I am planning to pair 2011 Chapoutier “Les Granits” Saint-Joseph Blanc with poached lobster next weekend. Just curious on members thoughts on how early I should open these to maximize my guests enjoyment and let the structure of the wine stand out?
I specifically wanted to find a very rich low acid wine that is not flabby to maximize the hedonism.
I have been more than a little lazy on posting on a lot of great wines that I have consumed over the last year but I will post on this. I have had their 2011 Crozes-Hermitage “les Meysonniers” blanc over the holidays at a restaurant with a similar dish which was a great call by the sommelier. That was sold out so I decided to step it up a notch for my guests. Hard to find a low acid wine that will not cleanse the taste of food that I want to keep tasting after I am finished.

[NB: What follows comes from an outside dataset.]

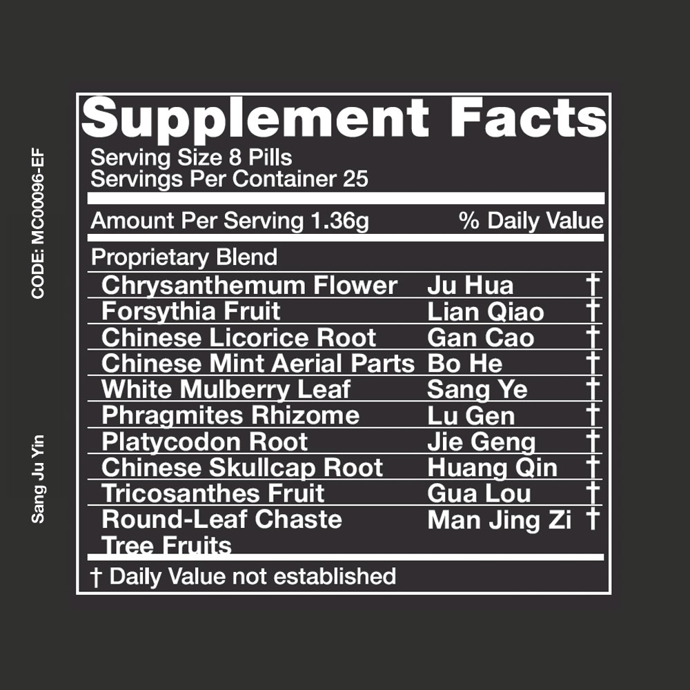 Meridian Classic Sang Ju Yin Teapills dispels pathogenic Wind, clears Heat, resolves toxins, diff...

I’d open them at least an hour ahead with a decant. I had the 2004 last summer and it still seemed pretty young.
Thanks. I will probably decant them back into bottle.

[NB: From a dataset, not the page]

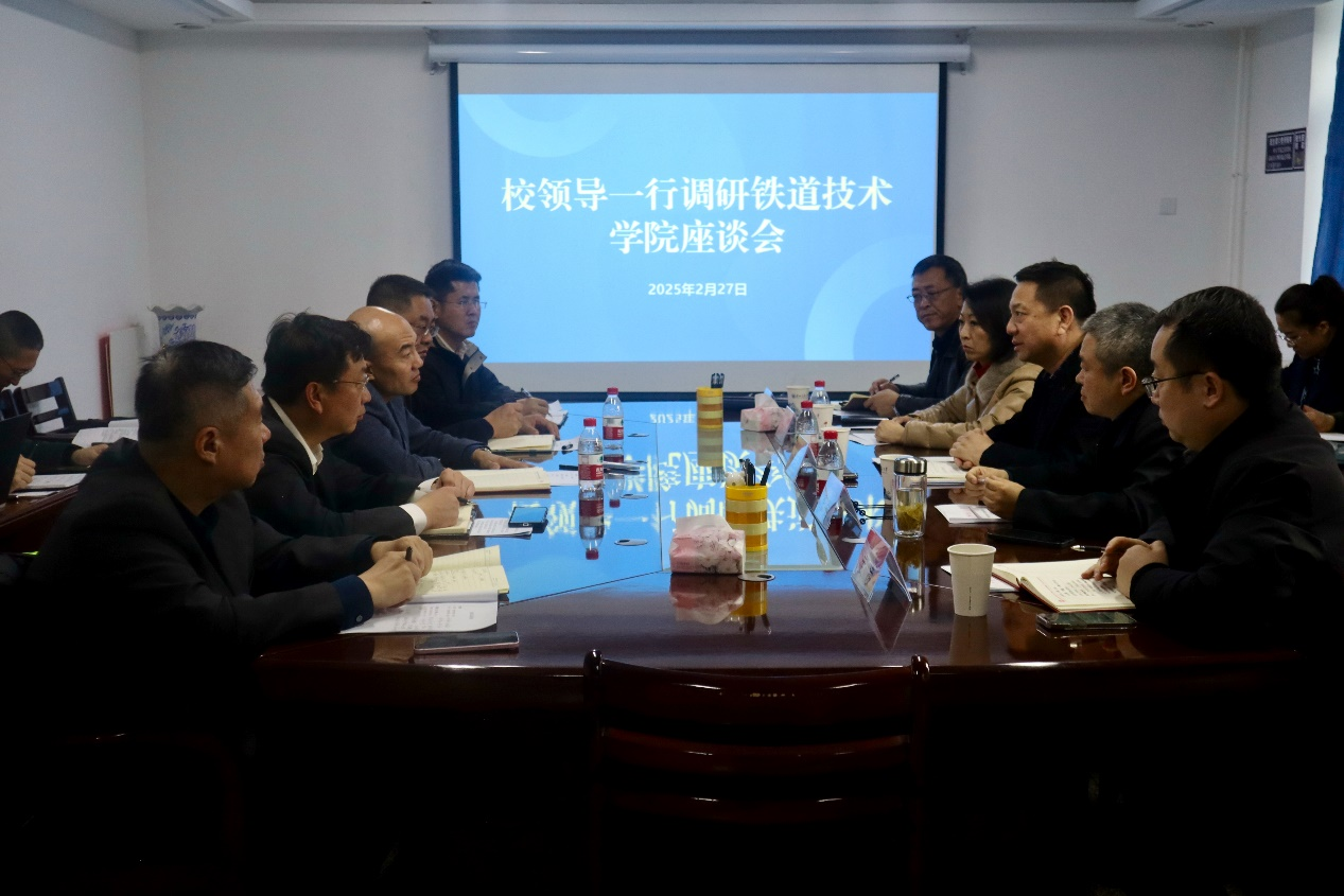 2月27日下午,学校党委常委、副校长朱廷珺、张弢带队深入铁道技术学院调研指导新学期各项工作,并座谈交流。

An hour was not nearly enough. I opened 1 in the morning and initially undrinkable. Just starting to show something in an hour and took 4 to show some complexity. I would stay away for these for 5 years at least. Too bad I couldn’t get get the Crozes" Les Mesoynnieres" for current drinking.
Mont, I’m curious if you’ve had Stolpman’s L’Avion before. It strikes me as just the wine you’re looking for. No waiting period required.
I haven’t tried the Stolpman but by description it looks more like Chateauneuf du Pape than Hermitage. I remember buying a Marsanne at the Family Wineries in Sonoma that I liked but the name escapes me.